Tim O’Brien’s “The Things They Carried” is ostentatiously a story about the Vietnam War.  Instead, there are different stories going on at once that are all intertwined about First Lieutenant Jimmy Cross.  A soldier was shot, which Lieutenant Cross, possibly rightfully, blames himself for as he is obsessed with a girl that barely knows he is alive.  The story also focuses on what the soldiers carry in their packs, either what they are given by the Army as part of their job or what they have brought from home or collected along the way.  What the soldiers carry, what Lieutenant Cross carries, was made much heavier by the emotional attachment to it thus what they carry is more than the sum of their packs, it is the sum of their hearts and psyches.
Character development in “The Things They Carried” can be summed up in the imagination and memory of Lieutenant Cross.  His “relationship” with Martha is 99.99% in his head.  He took her to the movies once.  He has two pictures of her in his wallet-one another suitor of hers took and she gave to him, and the other, was of her playing volleyball that he cut out of her yearbook.  His imagination was obsessed with her virginity.  He kept her letters wrapped in plastic as if they were a holy object, even though they were superficial and vague.  One could argue that it was his carefully constructed memory of Martha that helped him make it through the war.  For the time that he carried her pictures, her letters, and the pebble she sent him, he was made so much heavier by those few ounces.
The Vietnam War took a toll on all who served.  This story demonstrates this by having the setting there.  “Because the nights were cold, and because the monsoons were wet, each carried a green plastic poncho that could be used as a raincoat or ground sheet or makeshift tent.
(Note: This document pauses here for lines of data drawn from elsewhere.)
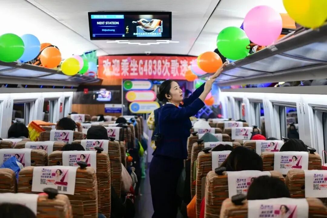 三是多措并举赋能冰雪经济。随着雪季到来,铁路部门推行一系列便民利民惠民服务举措,服务旅客畅享冰雪旅游和冰雪运动,助推冰雪经济持续升温。北京局集团公司在京张高铁试点推出“雪具便利行”服务,旅客线上预约成功后可随车携带雪具并存放在列车指定位置,实现人和雪具随车同行,“坐着高铁去滑雪”将更加方便快捷。同时,每周末增开京张高铁崇礼方向高峰线列车10列,“星光·燕赵号”旅游列车新增张家口、宣化等站点,串联优质冬季旅游资源,有效满足雪季周末出游需求。哈尔滨局集团公司积极适应冬季旅游市场需求,对“悠享龙江·银旅号”“大兴安岭号”“伊春号”等品牌旅游列车进行优化升级,提供特色旅拍、非遗文化互动等别具特色的冬季旅行体验。沈阳局集团公司加开多趟长春至北京、松原、长白山等方向的旅客列车,并对吉林至北京朝阳的G928次、长春至乌兰浩特的C503次等列车实施重联运行,延吉西、珲春等车站备有姜茶、暖贴、冻伤膏等防寒物资,为旅客驱散寒意,长白山站设置“暖暖屋”,供旅客在舒适环境中更换衣物。呼和浩特局集团公司乌兰察布、集宁南、兴和北等车站优化冰雪游研学团体进出站流程,开辟绿色通道、安排候车专区,为雪具开辟专用安检通道,营造方便、温馨的出行环境。乌鲁木齐局集团公司开行夕发朝至的“冬恋喀禾”旅游专列,旅客可实现“昼游夜行”,方便游览“中国雪都”阿勒泰及喀纳斯、禾木等地的冰雪风光,车上设雪具存放区,为滑雪爱好者提供便利。
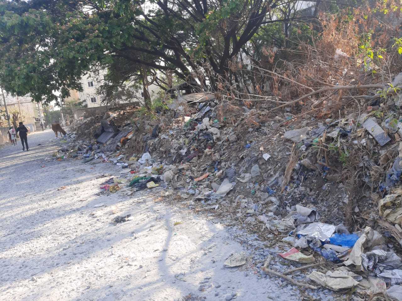 People are using the Pai Layout alley as a dump yard. They dispose domestic waste, plastic waste, construction waste and others. The unsanitary conditions of this lane worsen as there are dead animal carcasses too that are found in this dump yard. The trash here is regularly burnt in order to create space for more garbage.
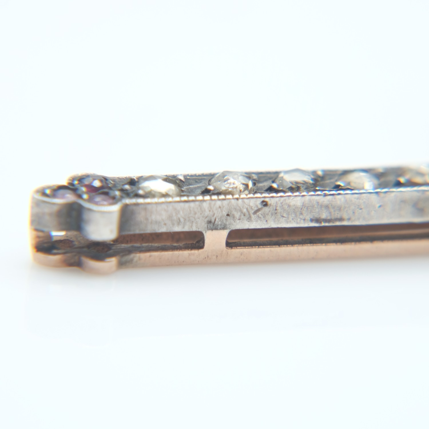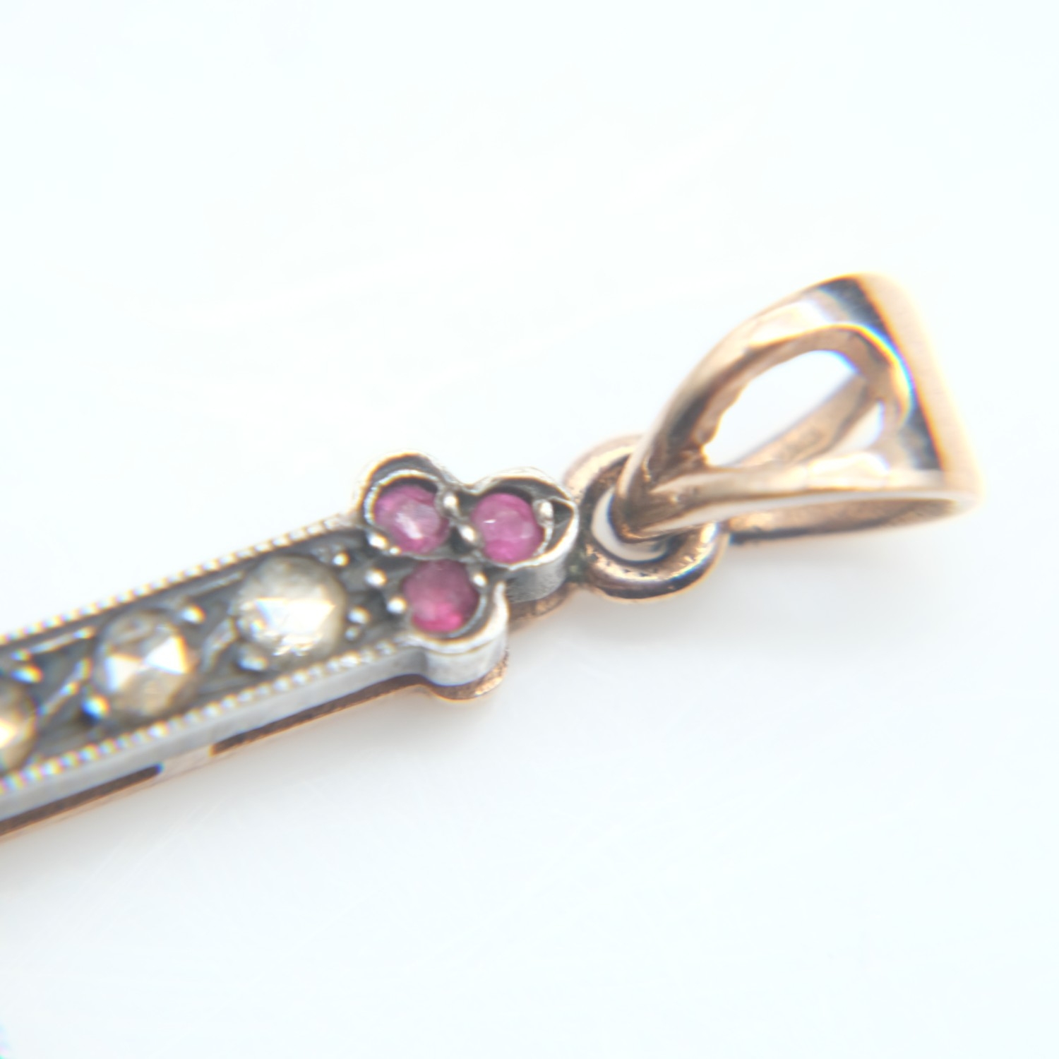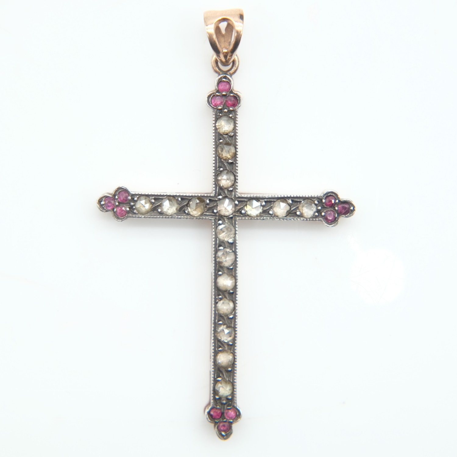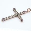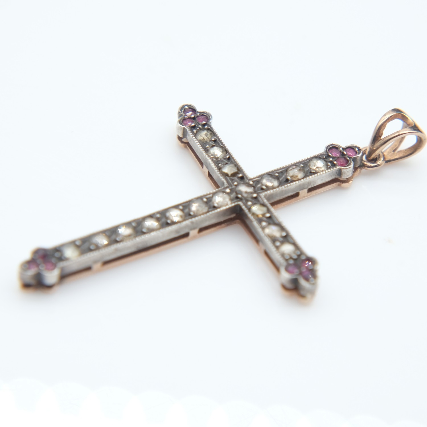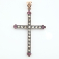 14ct rose gold and silver cross pendant set with rose cut diamonds and rubies, H: 60 mm, 7.1g. UK P&P Group 0 (£7+VAT for the first lot and £1+VAT for subsequent lots)

With its quilted liner, the pon- cho weighed almost two pounds, but it was worth every ounce”.  The mercurial weather in Vietnam, where the days were so hot that some soldiers would risk walking around shirtless but the nights were bitterly cold, shows in what the men carry physically in their packs and mentally in their minds because of the weather.  The setting is also vastly different than what any American G.I. would have experienced at home.  There are no jungles in the United States, and unless a soldier spent all of their time in a swamp it is unlikely that they would have to deal with “jungle rot”.  Once they reached Vietnam, the soldiers didn’t just carry their packs with their gear and memories, they literally began to carry around the country.  “They carried the land itself — Vietnam, the place, the soil — a powdery orange-red dust that covered their boots and fatigues and faces. They carried the sky. The whole atmosphere, they carried it, the humidity, the monsoons, the stink of fungus and decay, all of it, they carried gravity”.  Vietnam itself soon clung to them and made them even heavier.
O’Brien crafted a tale of loss and grief with “The Things They Carried”.  It would be difficult to say which would weigh heavier with Lieutenant Cross- the death of Ted Lavender or the faux relationship with Martha.  Either way, he will carry both, as all the other soldiers will carry their packs with them, long after the weapons and rations have been emptied out.